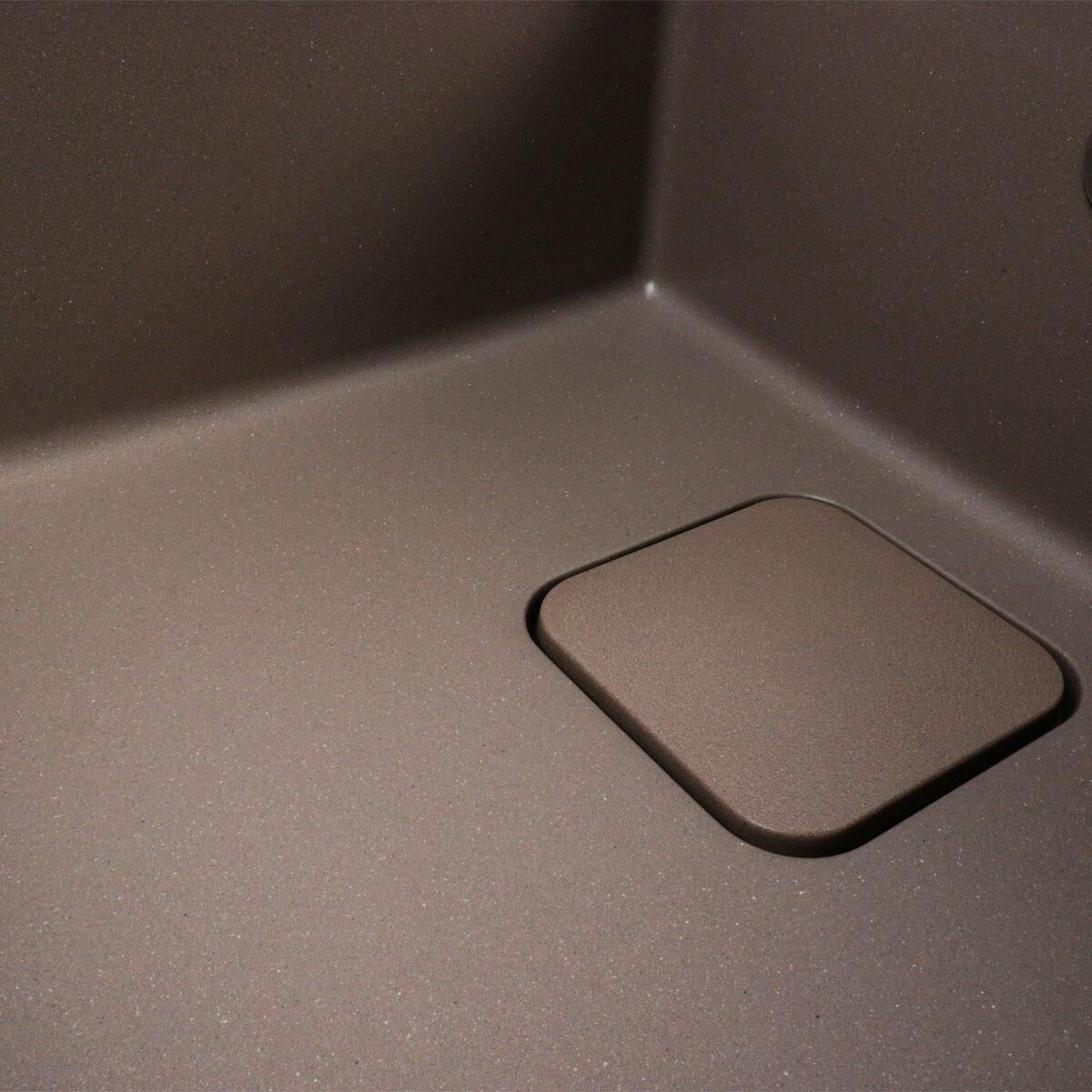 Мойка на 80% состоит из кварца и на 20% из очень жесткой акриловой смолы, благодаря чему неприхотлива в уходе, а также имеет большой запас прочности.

==

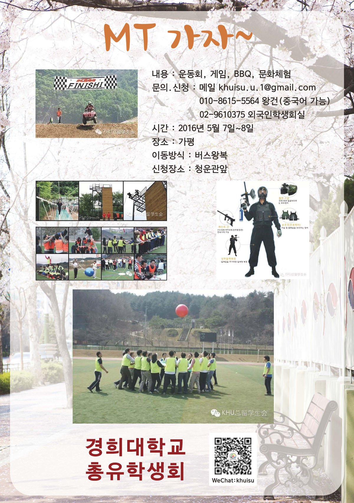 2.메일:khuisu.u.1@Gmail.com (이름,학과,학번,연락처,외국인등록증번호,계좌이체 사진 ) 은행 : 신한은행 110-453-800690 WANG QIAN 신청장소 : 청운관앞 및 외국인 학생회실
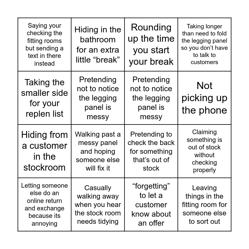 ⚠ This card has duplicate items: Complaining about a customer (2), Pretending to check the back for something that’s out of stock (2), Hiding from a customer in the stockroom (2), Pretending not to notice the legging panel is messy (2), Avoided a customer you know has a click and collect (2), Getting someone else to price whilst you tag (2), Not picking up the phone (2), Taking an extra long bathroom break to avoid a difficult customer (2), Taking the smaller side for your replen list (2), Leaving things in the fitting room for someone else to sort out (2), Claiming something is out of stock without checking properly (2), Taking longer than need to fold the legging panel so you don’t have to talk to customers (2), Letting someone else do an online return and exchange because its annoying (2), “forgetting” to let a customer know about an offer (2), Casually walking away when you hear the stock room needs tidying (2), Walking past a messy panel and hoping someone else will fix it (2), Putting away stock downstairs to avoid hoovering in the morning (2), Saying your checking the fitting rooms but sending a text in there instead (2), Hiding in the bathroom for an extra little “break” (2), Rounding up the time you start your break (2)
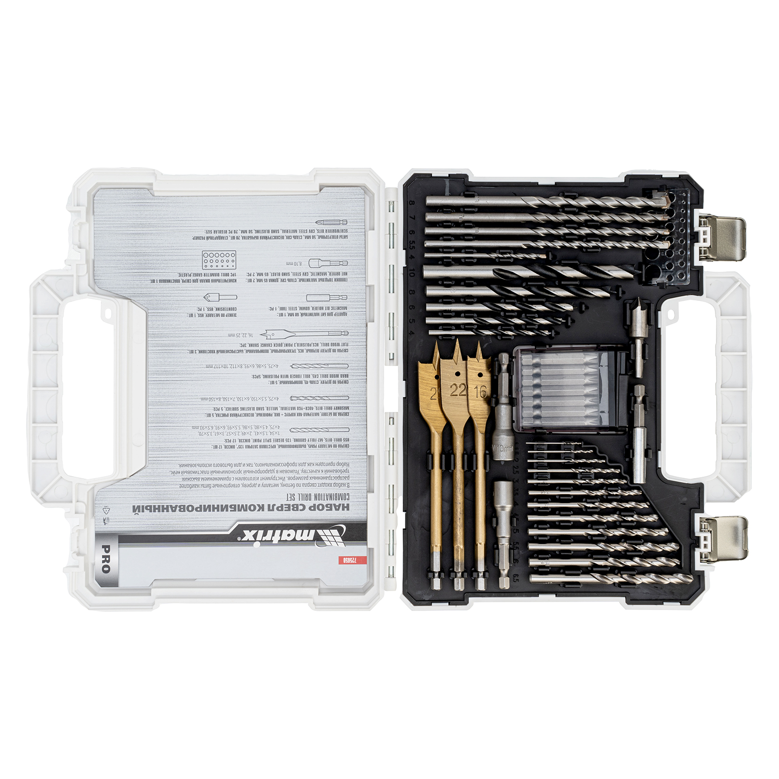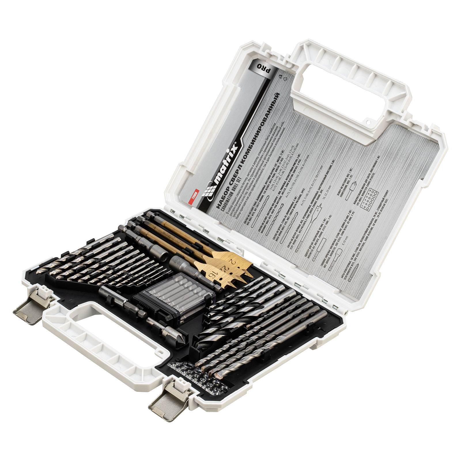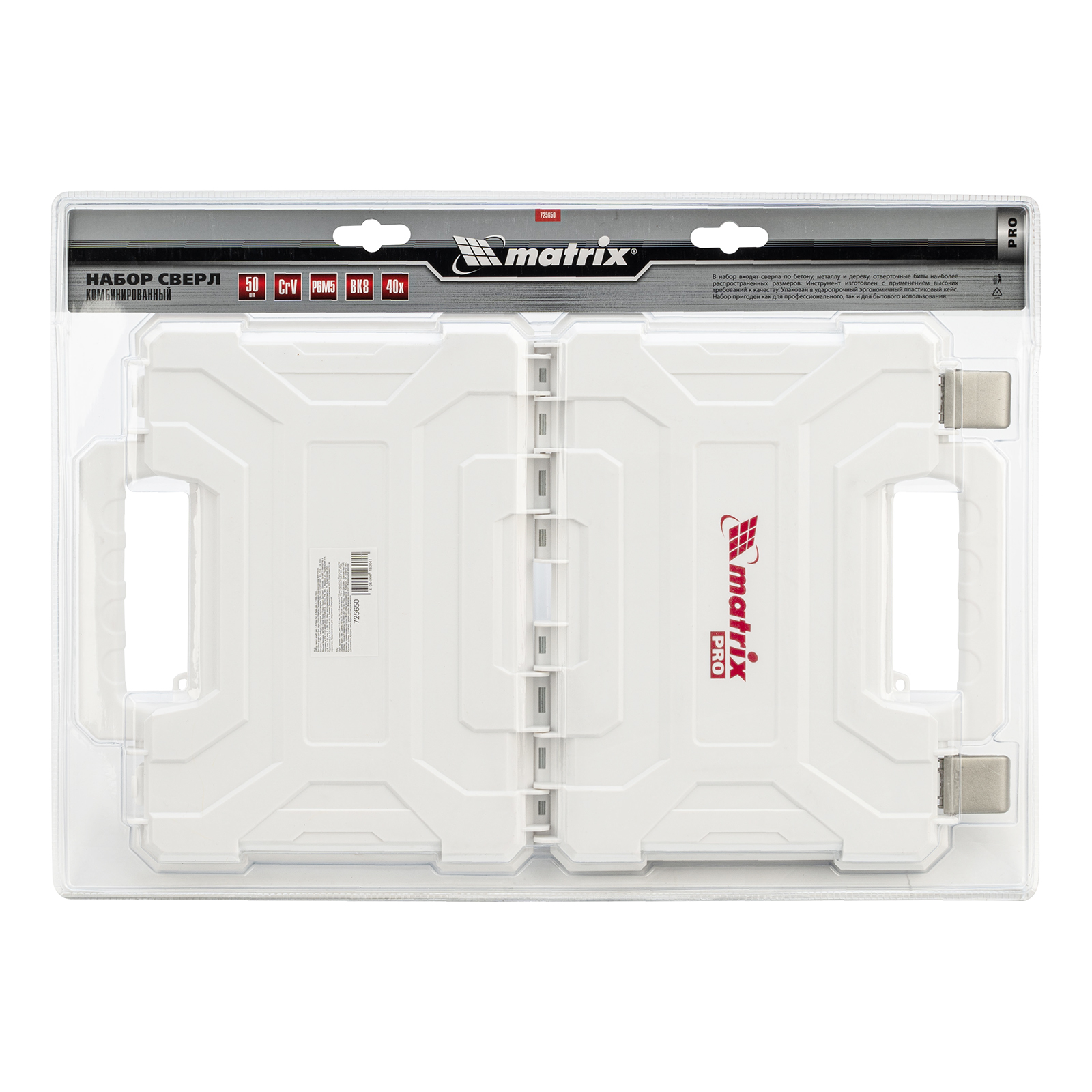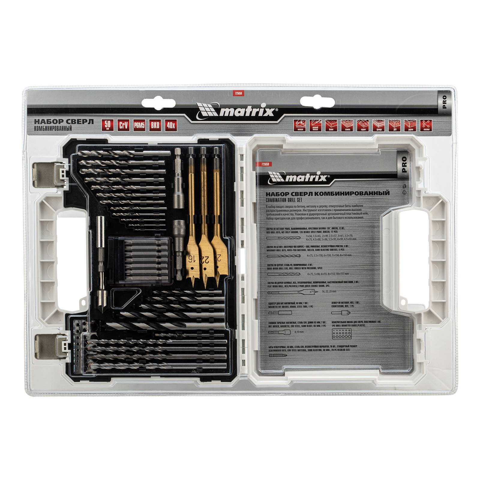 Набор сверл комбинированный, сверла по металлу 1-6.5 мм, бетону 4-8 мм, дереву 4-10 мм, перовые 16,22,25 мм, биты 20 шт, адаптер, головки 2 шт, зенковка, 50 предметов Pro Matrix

## Your task
Transcribe only the lines above that start at the line containing "your break (2)" and end at the line containing "Набор сверл комбинированный, сверла". Omit pictures.

## Response
 ⚠ This card has duplicate items: Complaining about a customer (2), Pretending to check the back for something that’s out of stock (2), Hiding from a customer in the stockroom (2), Pretending not to notice the legging panel is messy (2), Avoided a customer you know has a click and collect (2), Getting someone else to price whilst you tag (2), Not picking up the phone (2), Taking an extra long bathroom break to avoid a difficult customer (2), Taking the smaller side for your replen list (2), Leaving things in the fitting room for someone else to sort out (2), Claiming something is out of stock without checking properly (2), Taking longer than need to fold the legging panel so you don’t have to talk to customers (2), Letting someone else do an online return and exchange because its annoying (2), “forgetting” to let a customer know about an offer (2), Casually walking away when you hear the stock room needs tidying (2), Walking past a messy panel and hoping someone else will fix it (2), Putting away stock downstairs to avoid hoovering in the morning (2), Saying your checking the fitting rooms but sending a text in there instead (2), Hiding in the bathroom for an extra little “break” (2), Rounding up the time you start your break (2)
 Набор сверл комбинированный, сверла по металлу 1-6.5 мм, бетону 4-8 мм, дереву 4-10 мм, перовые 16,22,25 мм, биты 20 шт, адаптер, головки 2 шт, зенковка, 50 предметов Pro Matrix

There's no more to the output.